At this point you notice that the text variable of the response object looks much like the HTML code of the Web page. To confirm that this is correct, we can copy the value of the text variable and copy it to an HTML file to open the HTML source code that found the target page.

This is because when the program starts running, Scrapy acquires the Web page data, invokes the parse function in the file, and passes the obtained data to the Resposne parameter. This is the strength of the scrapy framework, the previous series of operations related to the target page is encapsulated, we only need to care about how to get the desired information from the source code of the Web page, so our subsequent operations will be mainly around this response parameter.

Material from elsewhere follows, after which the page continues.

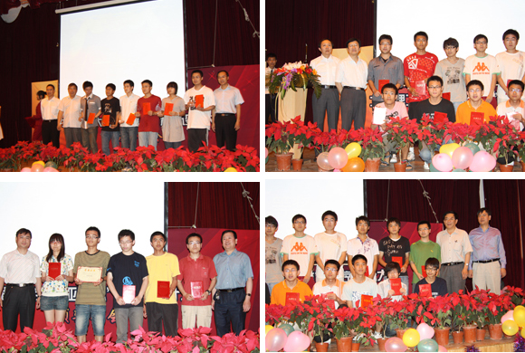 刚刚在第14届国际机器博弈锦标赛上获得国际六子棋项目金奖的软件学院本科2006级的学生崔皓、林思然做了精彩的《从程序设计大赛走向国际舞台》的报告,他们深情地回顾他们自校园程序设计大赛走向国内、国际舞台的酸甜苦辣、惊心动魄的历程,在场的领导、老师、同学们都为他们一路的艰辛和取得的优异成绩而感动,都为他们的优秀表现而喝采!

If you try some other pages, you may get a different page from the page we want, which is mostly because the landing page requires login verification or a anti-crawler strategy, which we will cover in the following article.

Xpath

Now that we have obtained the source code of the webpage, how should we parse the data? Perhaps the attentive reader will notice that the value of Response.text is a string, so using regular expressions is a reliable way. But as a mature reptile framework, Scrapy provides us with a much simpler and more accurate way to--xpath. Change our jobbole.py file to this

# -*- coding: utf-8 -*-import scrapyclass JobboleSpider(scrapy.Spider):    name = ‘jobbole‘    allowed_domains = [‘blog.jobbole.com‘]    start_urls = [‘http://blog.jobbole.com/all-posts/‘]    def parse(self, response):        articles = response.xpath(‘//a[@class="archive-title"]/text()‘).extract()        print(articles)        pass

Run the program, break point debugging, we found that the articles variable is a list, containing 20 strings, exactly the target page of the 20 article title. Accurate target data extraction can be achieved by one line, which relies on XPath.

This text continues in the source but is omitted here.